▶ [Problem description]:
Below are records with pictures in them; print them exactly, omitting the pictures.

(Records from a data collection)
*** Begin section ***

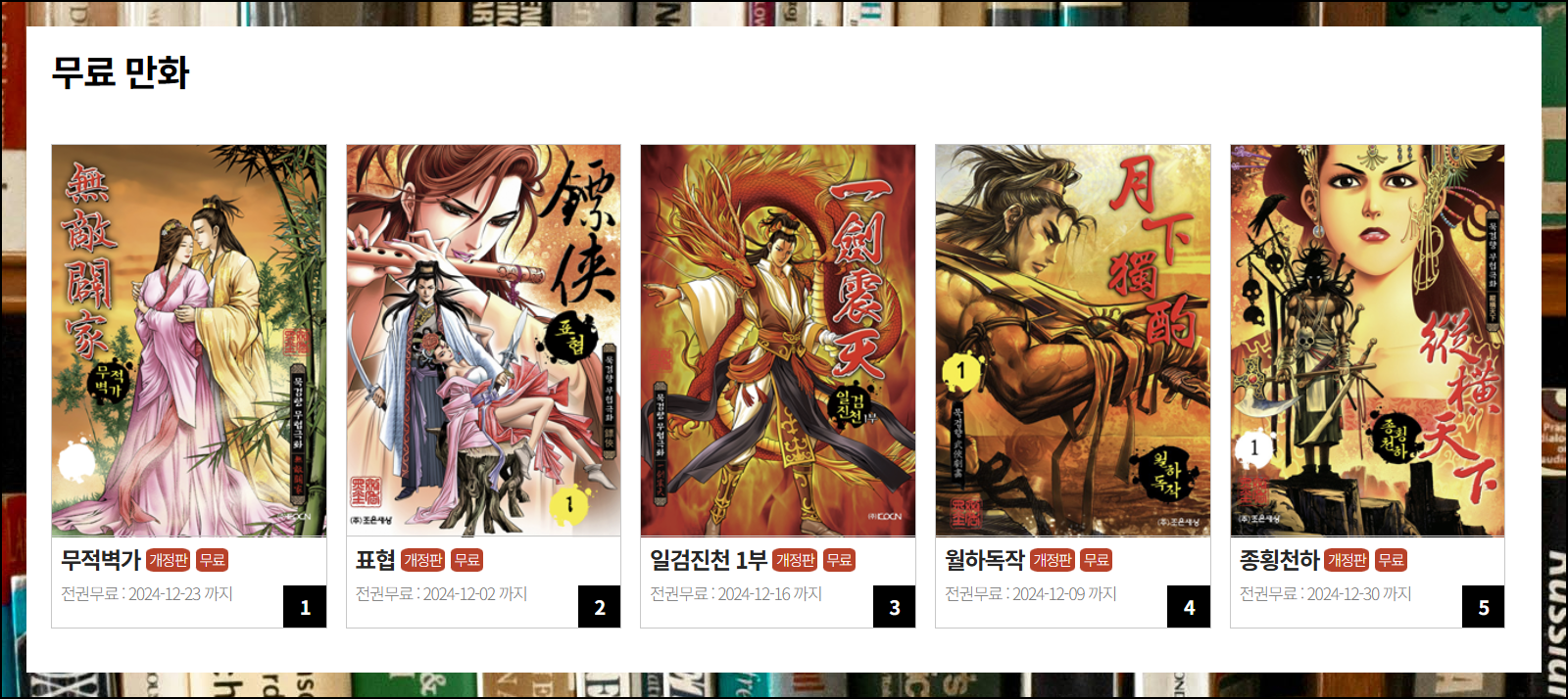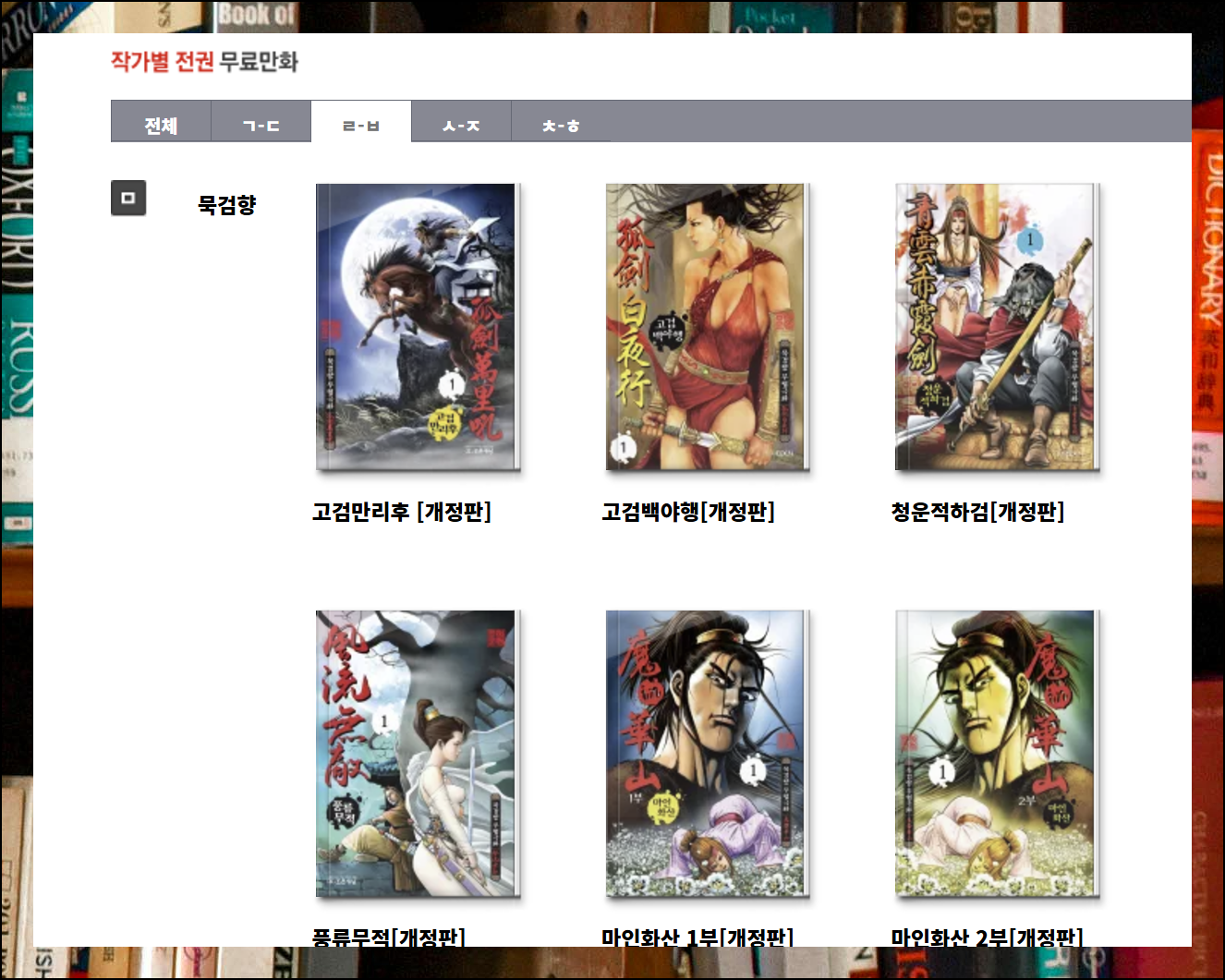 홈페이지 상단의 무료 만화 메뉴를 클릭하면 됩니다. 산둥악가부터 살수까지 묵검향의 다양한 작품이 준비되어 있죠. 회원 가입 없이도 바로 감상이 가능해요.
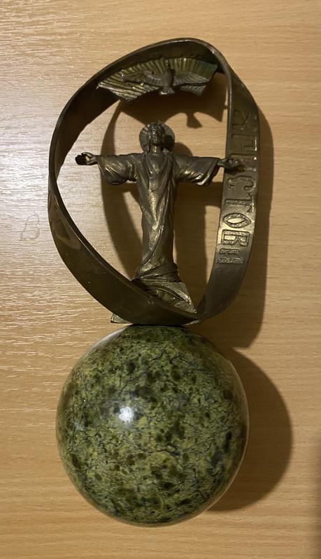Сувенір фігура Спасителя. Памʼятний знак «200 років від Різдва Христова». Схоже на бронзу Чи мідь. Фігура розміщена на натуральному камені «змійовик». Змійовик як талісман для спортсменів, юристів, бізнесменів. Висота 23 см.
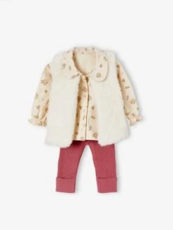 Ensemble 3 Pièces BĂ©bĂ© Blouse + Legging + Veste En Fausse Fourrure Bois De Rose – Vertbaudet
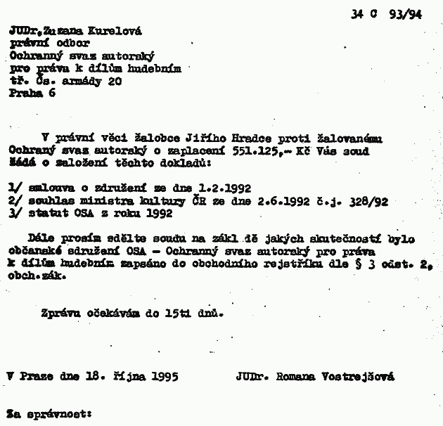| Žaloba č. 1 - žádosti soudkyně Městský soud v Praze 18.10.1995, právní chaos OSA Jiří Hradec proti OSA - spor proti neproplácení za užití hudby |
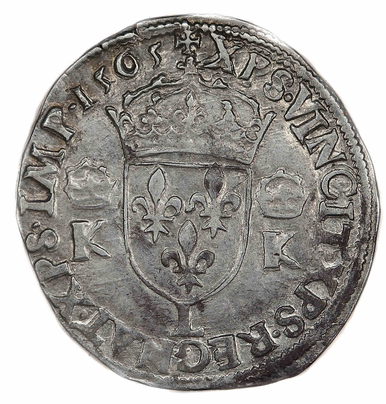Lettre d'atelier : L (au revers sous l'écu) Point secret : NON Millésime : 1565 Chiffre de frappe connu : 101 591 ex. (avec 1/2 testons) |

*** End section ***

▶ [Exercise output]:
 홈페이지 상단의 무료 만화 메뉴를 클릭하면 됩니다. 산둥악가부터 살수까지 묵검향의 다양한 작품이 준비되어 있죠. 회원 가입 없이도 바로 감상이 가능해요.
Сувенір фігура Спасителя. Памʼятний знак «200 років від Різдва Христова». Схоже на бронзу Чи мідь. Фігура розміщена на натуральному камені «змійовик». Змійовик як талісман для спортсменів, юристів, бізнесменів. Висота 23 см.
 Ensemble 3 Pièces BĂ©bĂ© Blouse + Legging + Veste En Fausse Fourrure Bois De Rose – Vertbaudet
| Žaloba č. 1 - žádosti soudkyně Městský soud v Praze 18.10.1995, právní chaos OSA Jiří Hradec proti OSA - spor proti neproplácení za užití hudby |
Lettre d'atelier : L (au revers sous l'écu) Point secret : NON Millésime : 1565 Chiffre de frappe connu : 101 591 ex. (avec 1/2 testons) |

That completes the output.